FBI Investigates 11 Optic Cable Cut Incidents Around San Francisco

Cord cutters aren’t just millenials with streaming subscriptions.

Photo from leo_photo/Shutterstock

We all experience frustrating Internet outages at home and work, but they’re not usually caused by a total connectivity blackout. Over the last year, though, different parts of the broader San Francisco Bay Area have lost Internet service because someone cut vital fiber-optic cables. And now the FBI is on it.

Reuters reports that the latest incident occurred on Tuesday in the suburbs of Sacramento, California, where one or more perpetrators clipped three important cables.

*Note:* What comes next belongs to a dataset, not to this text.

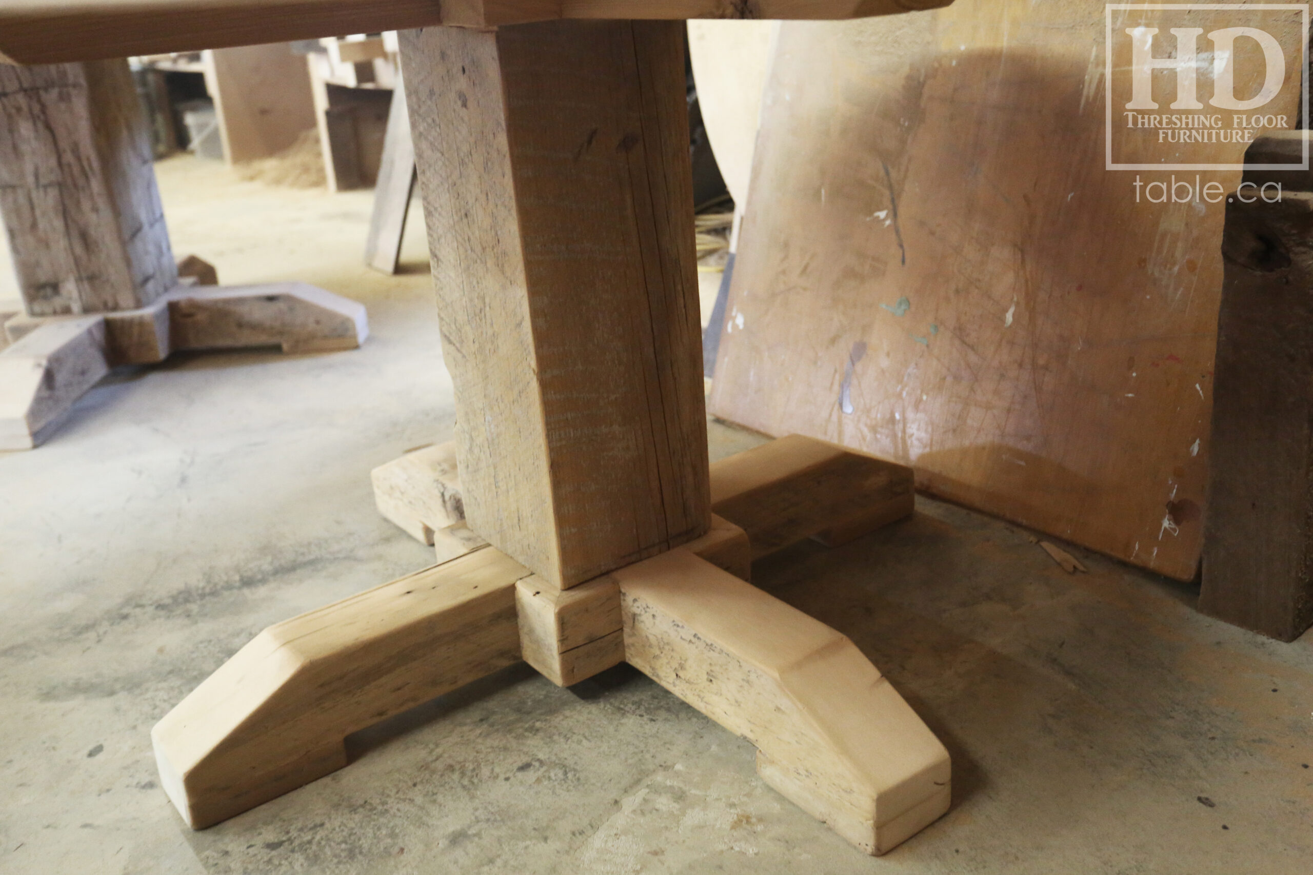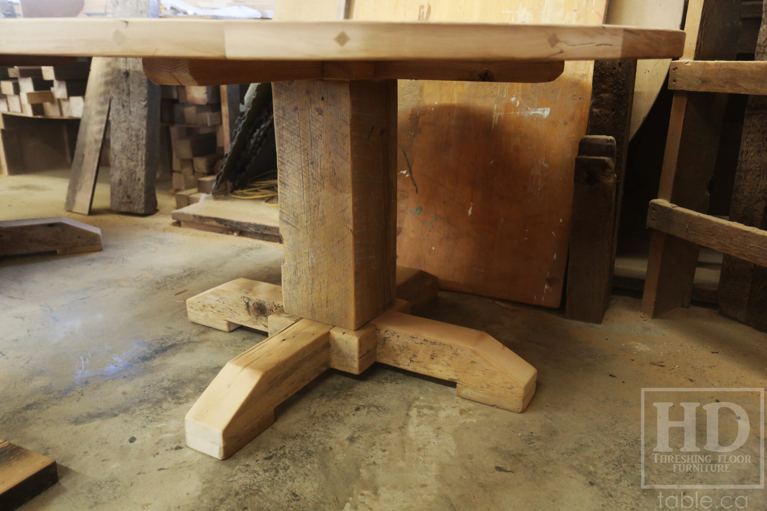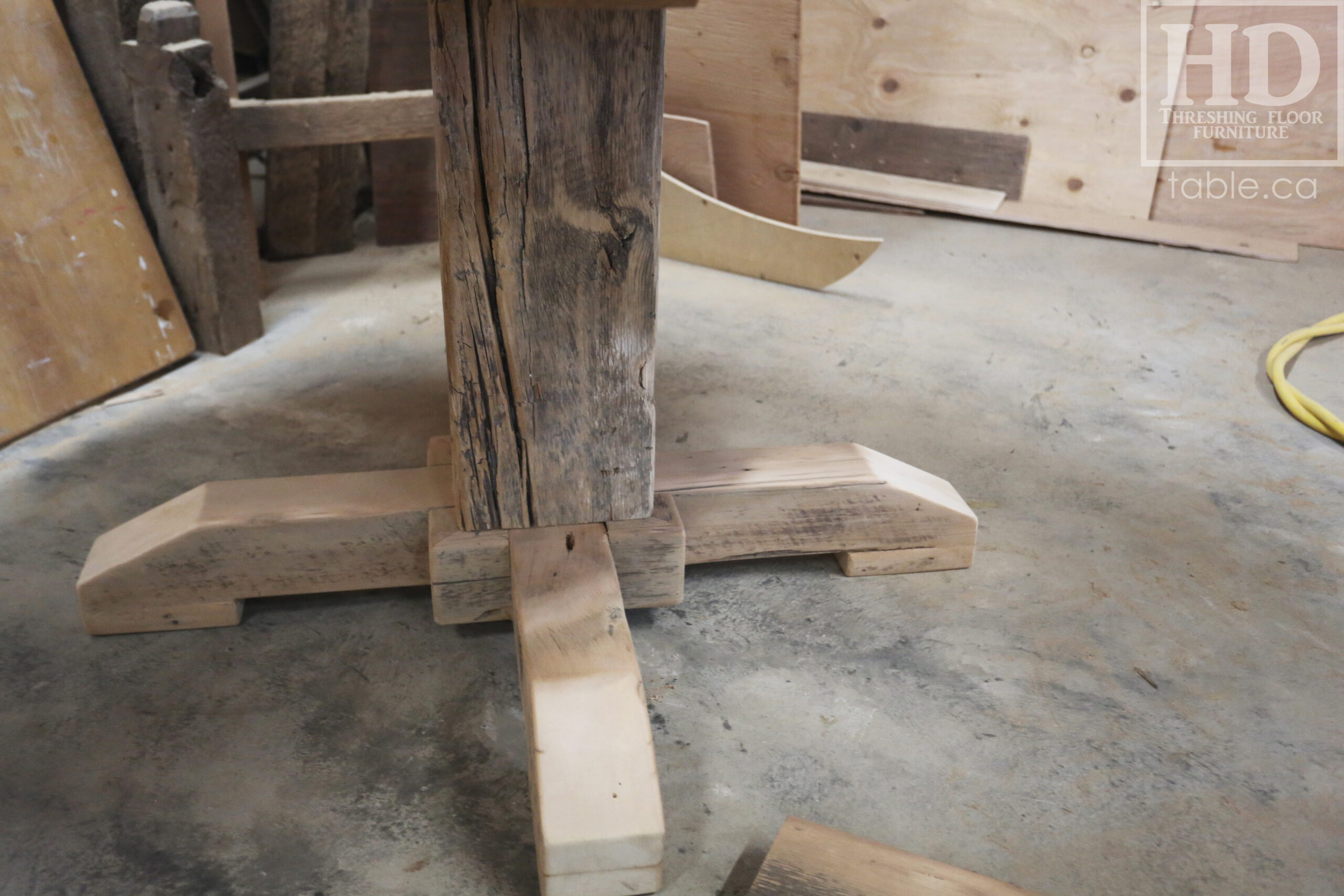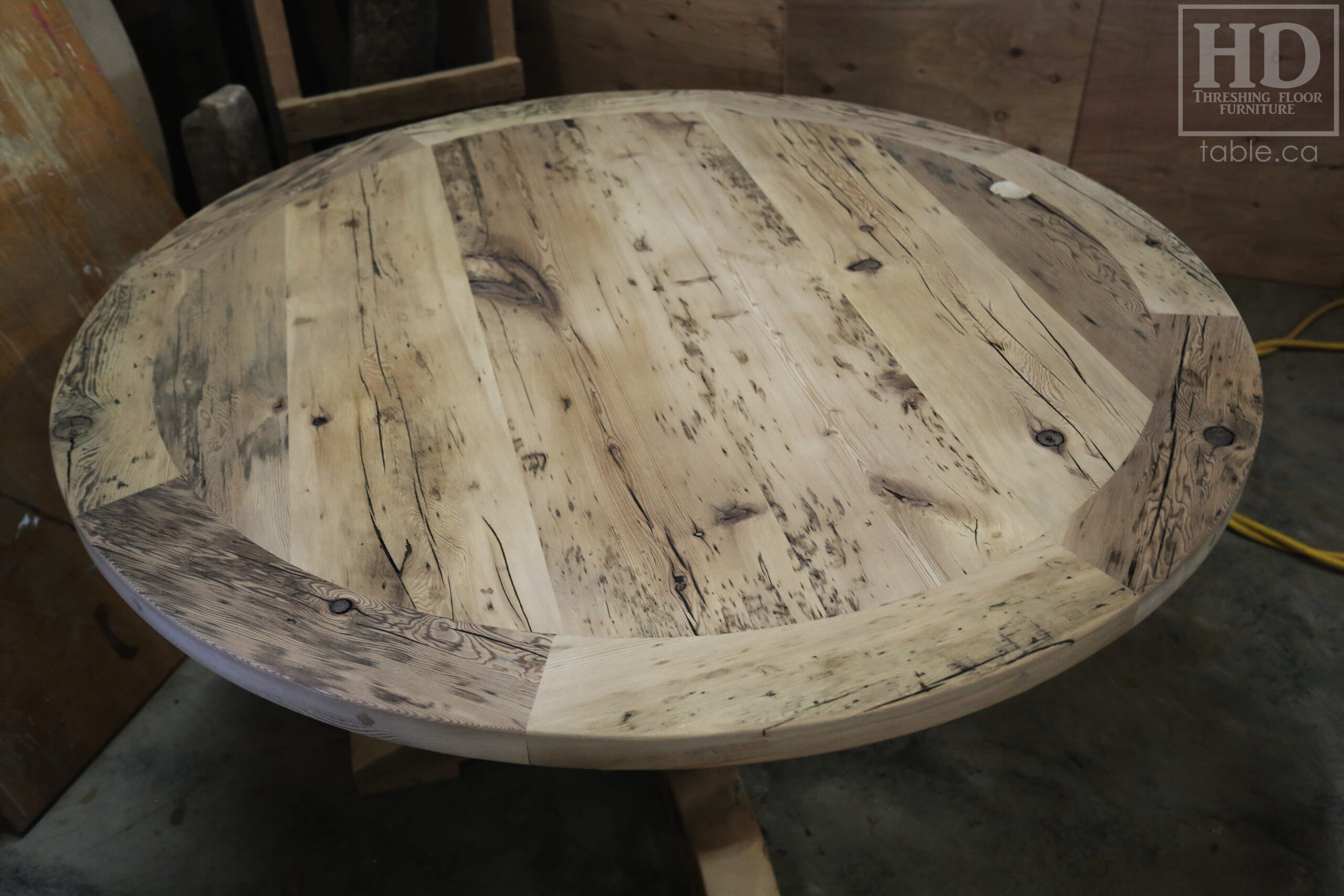Project summary: 54†Reclaimed Ontario Barnwood Round Table we made for a Stoney Lake, Ontario cottage – Old Growth Hemlock Threshing Floor Construction – Hand-Hewn Beam Pedestal Base – Original edges & distressing maintained – Circular Bread Edge Boards – Premium epoxy + satin polyurethane finish – 18†Round Lazy Susan – www.table.ca

Wave Broadband spokesman Mark Peterson told Reuters that the fiber was cut at 4:20 a.m. local time and that the company is working on repairs to restore connectivity. Wave is a customer of Level 3 Communications and Zayo Group Holdings Inc., which own the cables.

FBI Special Agent Greg Wuthrich told USA Today that this rash of attacks started on July 6, 2014, if not earlier. “When it affects multiple companies and cities, it does become disturbing,” he said.

The incidents show how easy it is to compromise Internet infrastructure, leaving whole regions without connectivity. Sometimes cable cuts happen innocuously, like the rig accident in Denver, Colorado, that caused a Comcast outage in May. But malicious cuts have been happening, too. In February, a large swath of Arizona lost CenturyLink Internet, land-line, and cell phone service for several hours because of “vandals,” according to CBS News.

Cord-cutting, alas, isn’t just for cable TV defectors anymore.